2. Verify Retry Loop Functionality

Goal: Confirm that connection retry loops in planning mode work correctly for recoverable errors.

Verification approach:

  1. The retry logic is implemented in g3_core::retry::execute_with_retry() and is already used by both player and coach phases in run_coach_player_loop() (planner.rs lines 633-640 and 682-689).
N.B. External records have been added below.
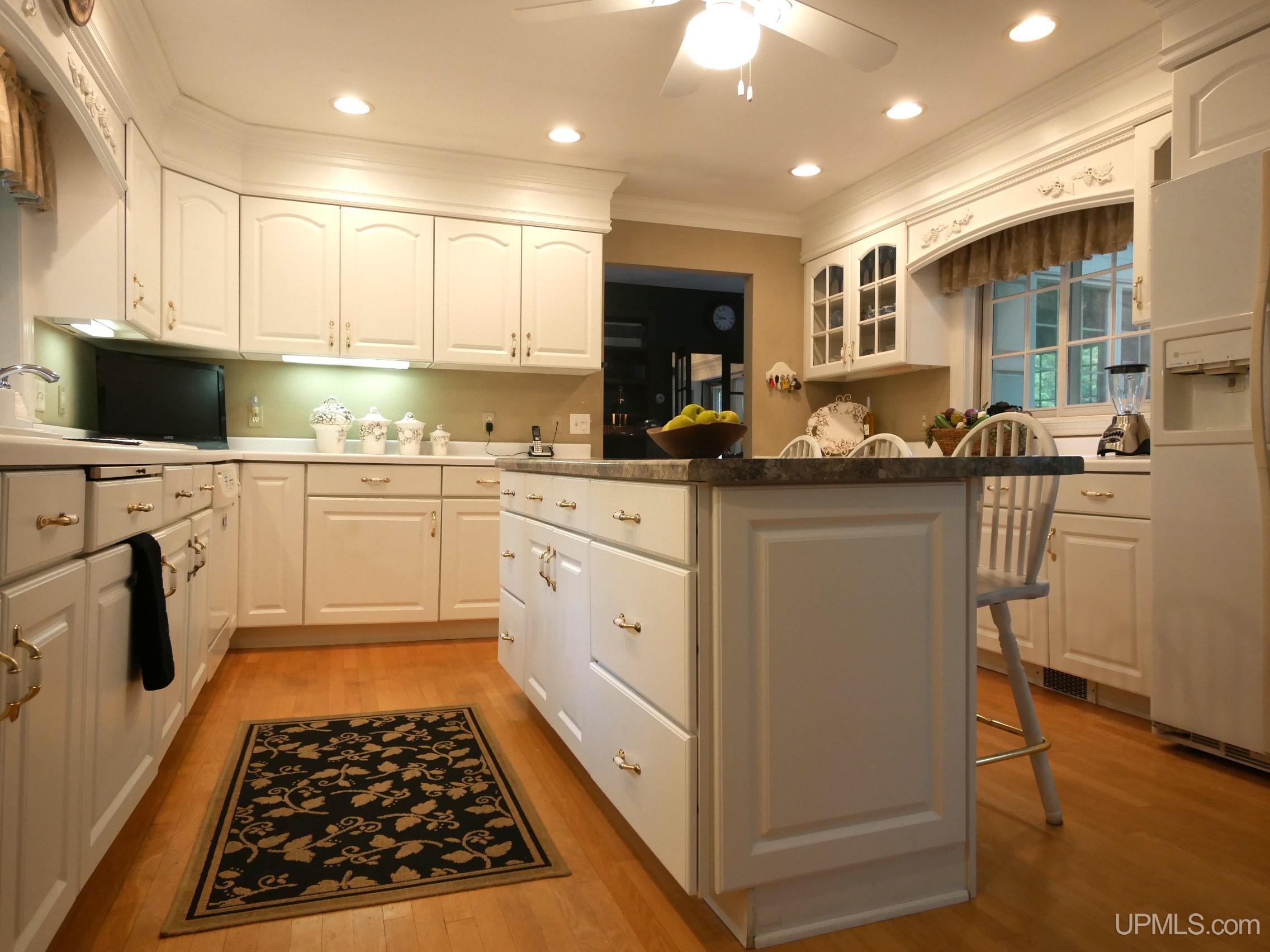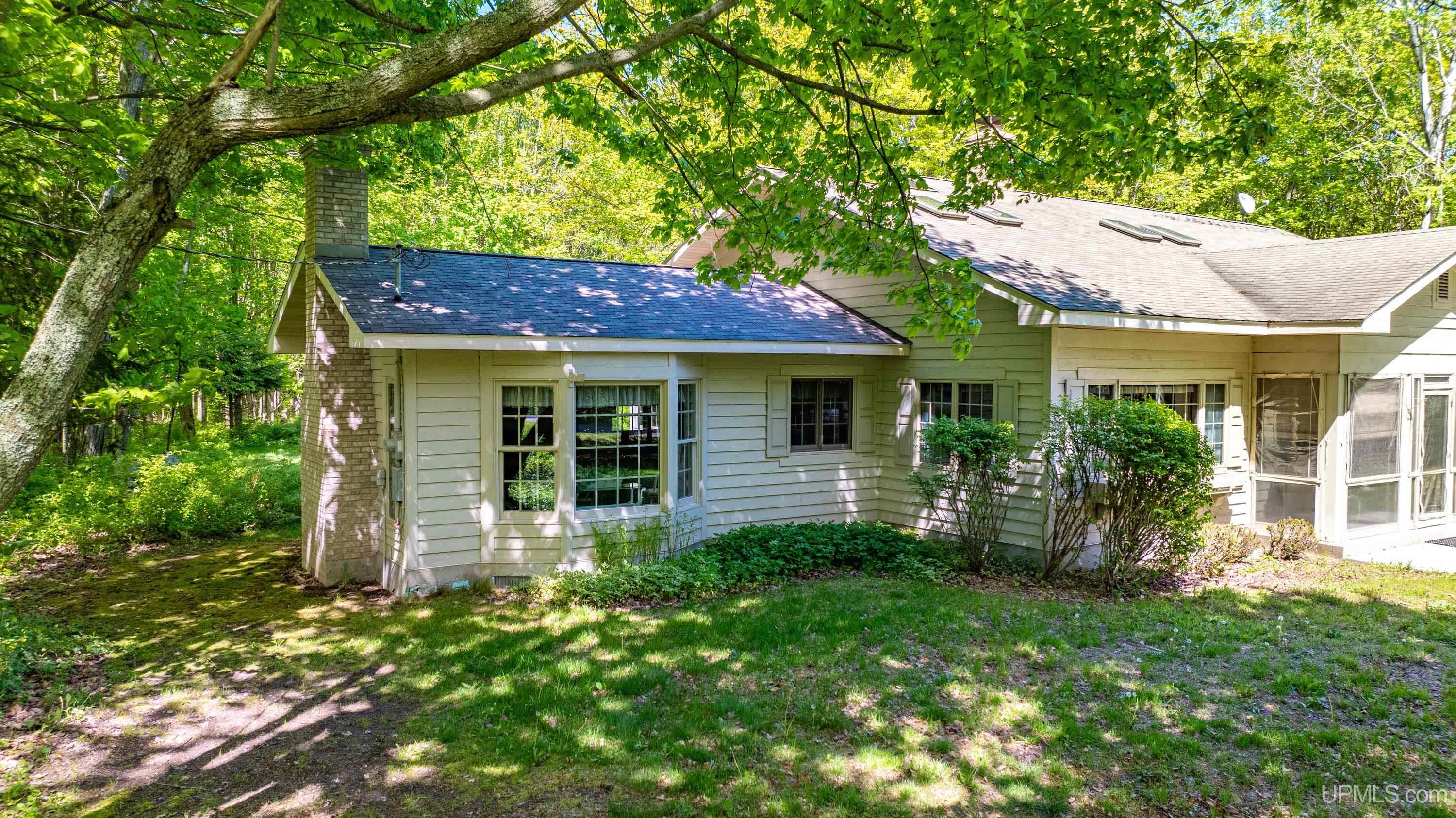 This inviting Rabbit Bay residence sits on approximately four wooded acres, offering a picturesque park-like atmosphere near Lake Superior. Originally constructed as a summer cottage around the 1950s, the home saw a complete renovation with an expansion in about 1999, adding modern upgrades and distinctive architectural elements. Features such as crown molding, built-in bookcases, a spacious kitchen with an island and wood-burning fireplace, a large primary bedroom with dual closets and direct access to a bathroom equipped with both a shower and tub, all come together to create a welcoming ambiance. The spacious floor plan includes excellent cooking and prep areas in the kitchen, a dining nook beside the fireplace, a family room or den with a second wood-burning fireplace, a formal living room with a wet bar, the primary and secondary bedrooms (the latter lacking a closet), a laundry and mudroom, ample storage space, and a screened-in porch. Notable details include glass French doors, hardwood floors, elegant stone fireplaces, built-in shelving, and detailed mantles. The detached two-car garage also features plenty of storage with built-in shelves. Blending a hint of formality with a relaxing cottage retreat vibe, this home is nestled amid the tranquil North Woods. Relax on the back deck, breathe in fresh evergreen air, and watch local wildlife among the beautiful trees. Enjoy this wooded wonderland with glimpses of Lake Superior in the area and close proximity to the infamous Dreamland restaurant. Experience Michigan’s prime year-round recreation, from fishing and boating in summer to snowmobiling and cross-country skiing in winter. This property is situated roughly eight miles from White City, about forty-five minutes from Michigan Tech, and just an hour's drive from historic Copper Harbor, renowned for its mountain biking trails. The tastefully furnished home features many designer accents and may be sold with or without furnishings, as negotiated. The roof was replaced around 2011, and a new boiler in April 2025. ---- NOTICE: All info believed accurate but not warranted. Buyer recommended to inspect all aspects of the property & bears all risks for any inaccuracies. Buyer to verify all info including but not limited to the acreage, lot size, square feet, utilities (availability & costs associated). Buyer should not assume the buyer’s taxes will be the same as seller’s present tax bills. Taxes are subject to change (possibly significant) & property will be reassessed by the municipality after sale. Sellers may have audio/video recording devices present on property & buyers & agents consent to being recorded by entering property. Seller, at seller's sole discretion, with or without notice, reserves the right to set &/or modify offer deadlines.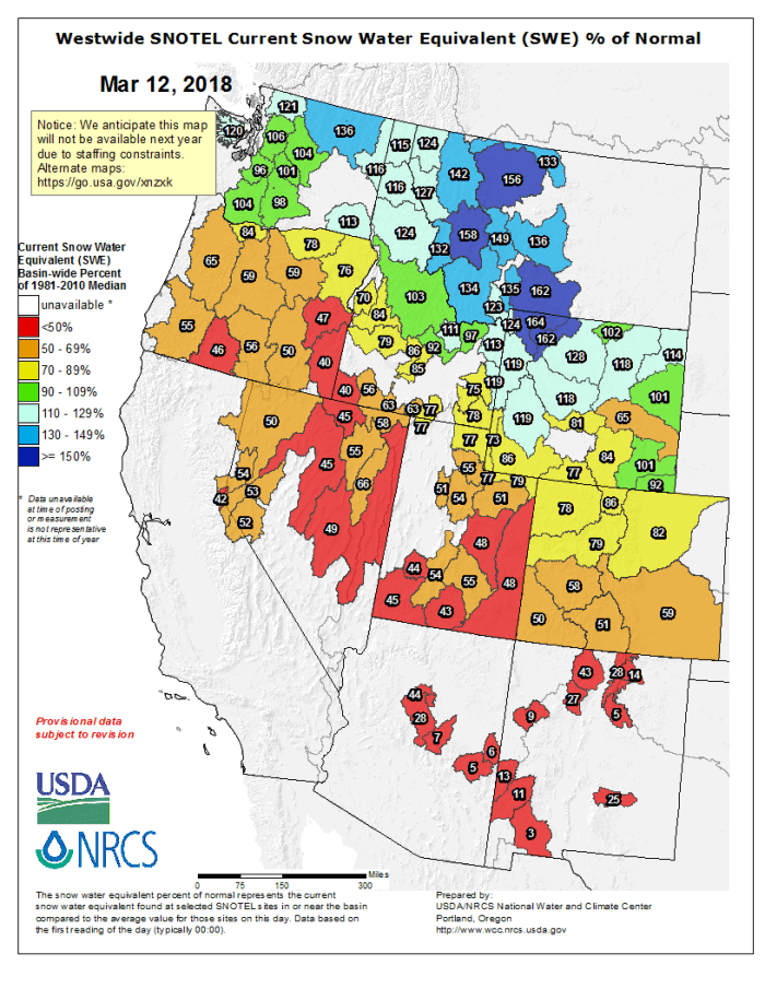 SNOTEL stations (weather-monitoring sites operated by National Resource Conservation Service) are mainly located above 10,000 feet in elevation, and even there, snowpack is at only 50 percent of normal, based on about 40 years of records. Low elevations arenāt tracked as closely.
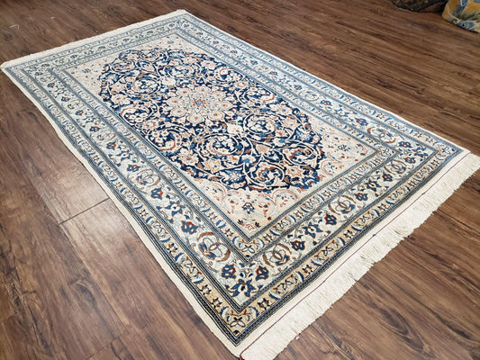 Persian Nain Rug 4x6, Ivory and Blue, Hand-Knotted, Wool & Silk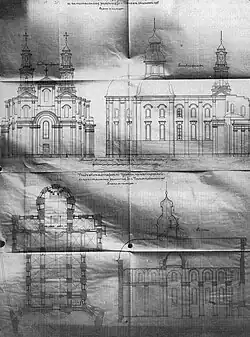 Костёл иезуитов, обращённый ныне в православный храм, чрезвычайно красив. Он построен ещё во время князей Вишневецких. Если смотреть на Пинск из-за реки Пины, то этот храм и дом Скирмунта как бы царят над деревянным городом. Внутри собора мы не могли найти ничего замечательного, кроме двух незабелённых фресок, всё остальное забелено[2].

  2. Error classification happens in g3_core::error_handling::classify_error() which identifies:

    • RecoverableError::RateLimit (429 errors)
    • RecoverableError::NetworkError (connection failures)
    • RecoverableError::ServerError (5xx errors)
    • RecoverableError::Timeout (request timeouts)
    • RecoverableError::ModelBusy (capacity issues)
  3. Manual verification steps (for a human tester):

    • Run planning mode with a temporarily invalid API endpoint to trigger network errors
    • Observe retry messages: "⚠️ player error (attempt X/3): NetworkError - ..."
    • Observe backoff: "🔄 Retrying player in Xs..."
    • After max retries, observe: "🔄 Max retries (3) reached for player"
  4. Existing test coverage:

    • g3-core/src/retry.rs has unit tests for RetryConfig construction
    • g3-core/src/error_handling.rs has tests for classify_error() and delay calculations

Required action:

  • No code changes needed if retry loops are already functioning.
  • If issues are found during manual verification, document specific failure scenarios.
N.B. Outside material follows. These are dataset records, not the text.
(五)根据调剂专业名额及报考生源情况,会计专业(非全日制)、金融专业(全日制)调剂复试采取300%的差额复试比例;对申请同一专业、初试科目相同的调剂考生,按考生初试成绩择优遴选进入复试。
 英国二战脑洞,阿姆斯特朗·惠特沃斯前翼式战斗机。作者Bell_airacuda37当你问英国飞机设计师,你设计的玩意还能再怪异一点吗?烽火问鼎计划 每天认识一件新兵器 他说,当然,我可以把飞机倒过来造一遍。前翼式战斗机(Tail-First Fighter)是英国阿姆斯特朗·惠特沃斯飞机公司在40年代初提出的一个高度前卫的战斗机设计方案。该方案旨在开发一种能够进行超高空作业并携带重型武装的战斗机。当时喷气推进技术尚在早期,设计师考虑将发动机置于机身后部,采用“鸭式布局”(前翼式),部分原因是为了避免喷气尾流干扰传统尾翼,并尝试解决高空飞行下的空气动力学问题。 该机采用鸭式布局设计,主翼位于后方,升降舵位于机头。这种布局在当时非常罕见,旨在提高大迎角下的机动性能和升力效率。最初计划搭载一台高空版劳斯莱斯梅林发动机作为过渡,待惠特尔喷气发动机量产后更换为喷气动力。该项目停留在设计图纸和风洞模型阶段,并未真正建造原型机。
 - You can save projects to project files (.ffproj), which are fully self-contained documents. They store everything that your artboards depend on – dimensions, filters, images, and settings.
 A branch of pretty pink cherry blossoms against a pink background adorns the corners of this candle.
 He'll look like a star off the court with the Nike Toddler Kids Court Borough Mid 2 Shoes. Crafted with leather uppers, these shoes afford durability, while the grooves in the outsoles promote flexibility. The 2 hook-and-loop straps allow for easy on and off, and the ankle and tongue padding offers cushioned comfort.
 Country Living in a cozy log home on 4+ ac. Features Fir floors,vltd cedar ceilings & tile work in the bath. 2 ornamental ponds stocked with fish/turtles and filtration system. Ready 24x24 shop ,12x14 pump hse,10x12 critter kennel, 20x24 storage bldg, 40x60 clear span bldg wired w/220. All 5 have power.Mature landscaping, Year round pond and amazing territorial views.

3. Verify Coach Response Parsing

Goal: Confirm that coach feedback extraction works correctly in planning mode.

Current implementation:

  1. Coach feedback extraction uses g3_core::feedback_extraction::extract_coach_feedback() (called at planner.rs ~line 695).
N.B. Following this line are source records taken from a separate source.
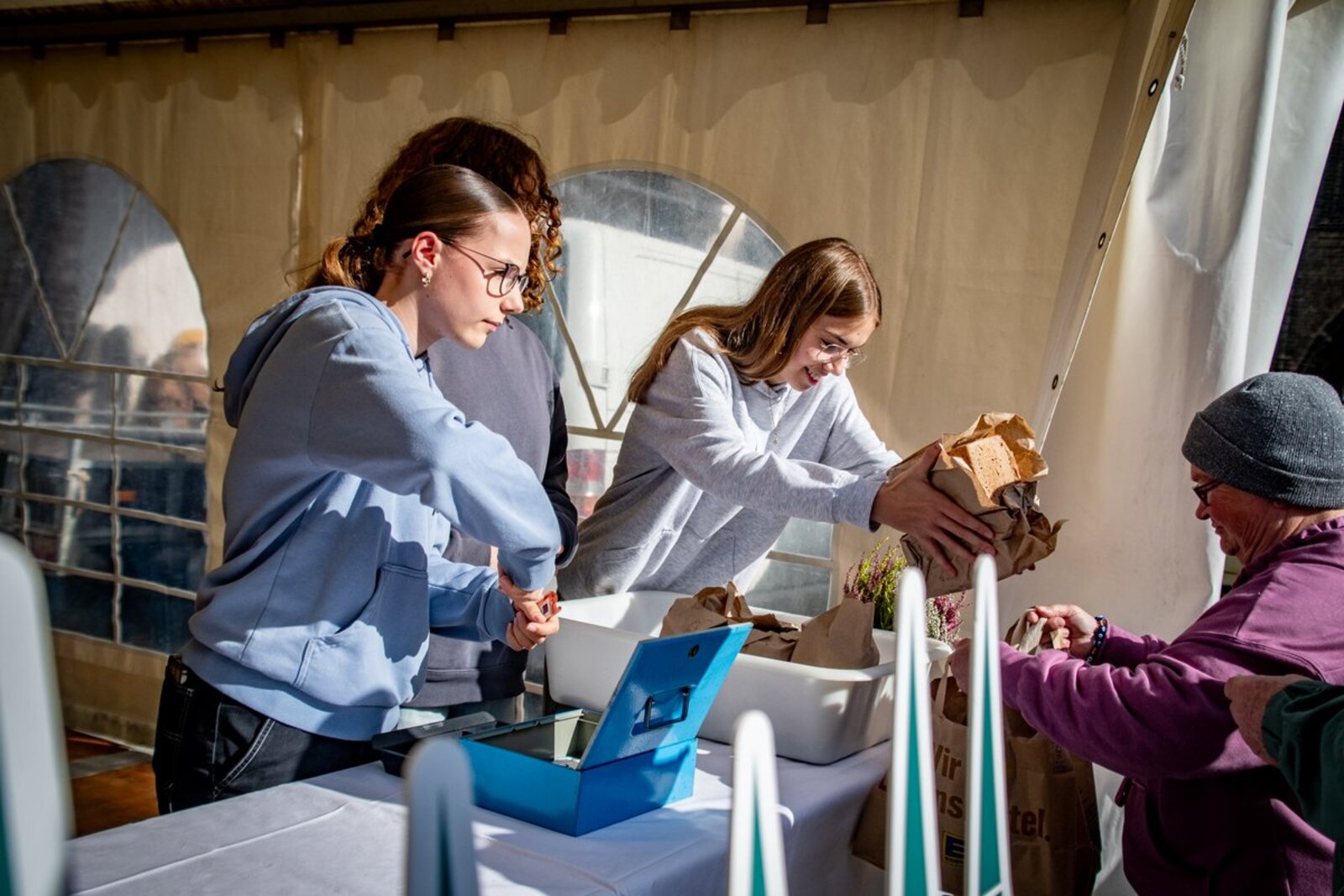 Wie in den vergangenen Jahren konnten die Besuchenden auch in diesem Jahr ein Erntedankfest-Brot erwerben: Diesmal waren es frische Sauerteig-Laibe, gesponsert von dem Lübecker Bäckermeister Alexander Cochius, der Ende 2024 in der Wahmstraße seine Sauerteig-Manufaktur “Kurt und Willi” eröffnen wird. Der Erlös der Aktion in Höhe von 700 Euro kommt dem “Brot für die Welt”-Kampagne “5000 Brote” zu Gute kommen, mit dem Projekte für Kinder und Jugendliche in aller Welt unterstützt werden sollen. Mit dem Geld aus Lübeck soll ein Bildungsprojekt in den Armenvierteln von Asunción in Paraguay unterstützt werden. In Malawi (Afrika) soll ein Ernährungsprojekt für Familien unterstützt werden. Schließlich soll in Vietnam ein Entwicklungsprogramm gefördert werden, berichteten Kofirmand:innen.
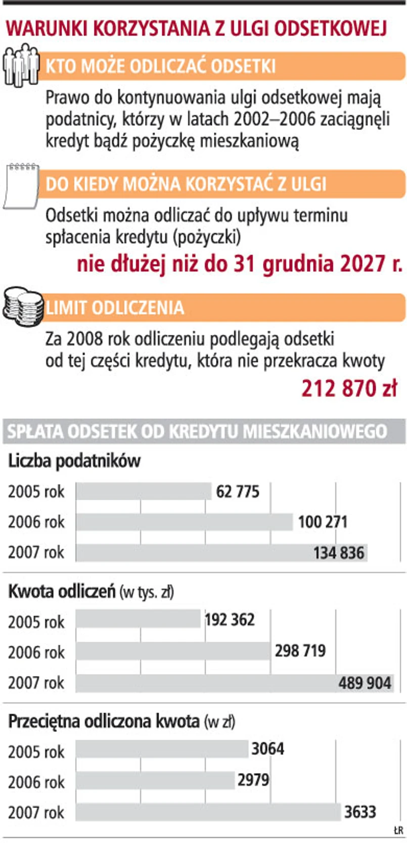 Przypomnijmy, ulga odsetkowa zniknęła z ustawy o podatku dochodowym od osób fizycznych z początkiem 2007 roku. Ustawodawca zagwarantował podatnikom, którzy w odpowiednim czasie zaciągnęli kredyt (pożyczkę) mieszkaniową, prawo do kontynuacji odliczeń.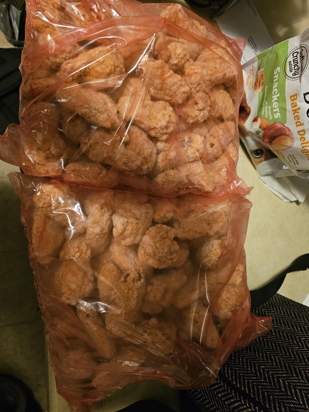 Anyone tried these before? They're a dry-breaded hot wing and honestly they are pretty damn spicy. Used to get them from a local pizza place but they closed down so my girlfriend got me 12 pounds of them for Christmas lol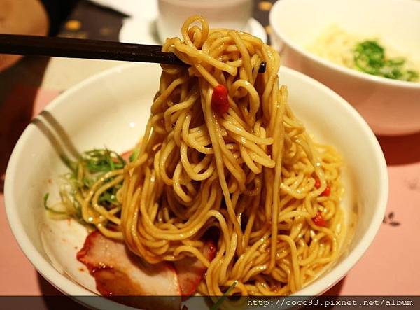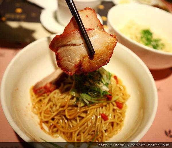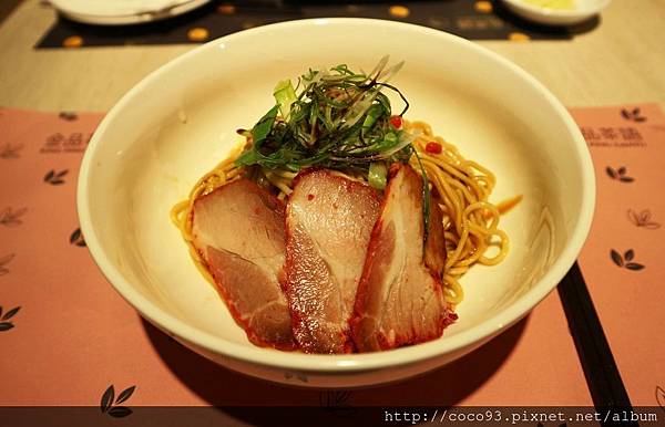<紅糟豬肉黑糖麻油麵>紅糟肉有著黑糖特殊香氣,咀嚼時滿口甜汁,彈韌的手打麵拌著濃郁的老薑麻油味

  2. The extraction tries multiple sources in order:

    • FeedbackSource::SessionLog - from session log JSON file
    • FeedbackSource::NativeToolCall - from native tool call JSON in response
    • FeedbackSource::ConversationHistory - from conversation history
    • FeedbackSource::TaskResultResponse - from TaskResult parsing
    • FeedbackSource::DefaultFallback - default message
  3. Planning mode displays the extraction source:

    📝 Coach feedback extracted from SessionLog: 1234 chars
    

Verification approach:

  1. Manual verification steps:

    • Run a planning mode session through at least one coach/player cycle
    • Observe the feedback extraction message and confirm it shows a valid source (preferably SessionLog or NativeToolCall, not DefaultFallback)
    • Verify the first 25 lines of feedback are displayed correctly
    • Confirm IMPLEMENTATION_APPROVED detection works when coach approves
  2. Existing test coverage:

    • g3-core/src/feedback_extraction.rs has comprehensive unit tests:
      • test_extract_balanced_json_* - JSON parsing
      • test_try_extract_json_tool_call - tool call extraction
      • test_is_final_output_tool_call_* - detecting final_output calls
      • test_extracted_feedback_is_approved - approval detection

Required action:

  • No code changes needed if parsing is working correctly.
  • If DefaultFallback is observed frequently during manual testing, investigate why earlier extraction methods are failing and document findings.

4. Optional: Add Integration Test for Retry + Feedback Flow

Goal: Create a lightweight integration test that verifies the retry and feedback extraction machinery works together.

Scope: Only implement if time permits and manual verification reveals issues.

Approach:

  1. Create a test in crates/g3-planner/tests/ that:

    • Mocks an LLM provider that returns a final_output tool call
    • Verifies extract_coach_feedback() successfully extracts the feedback
    • Optionally simulates a recoverable error to test retry logic
  2. This test should NOT require actual API calls or network access.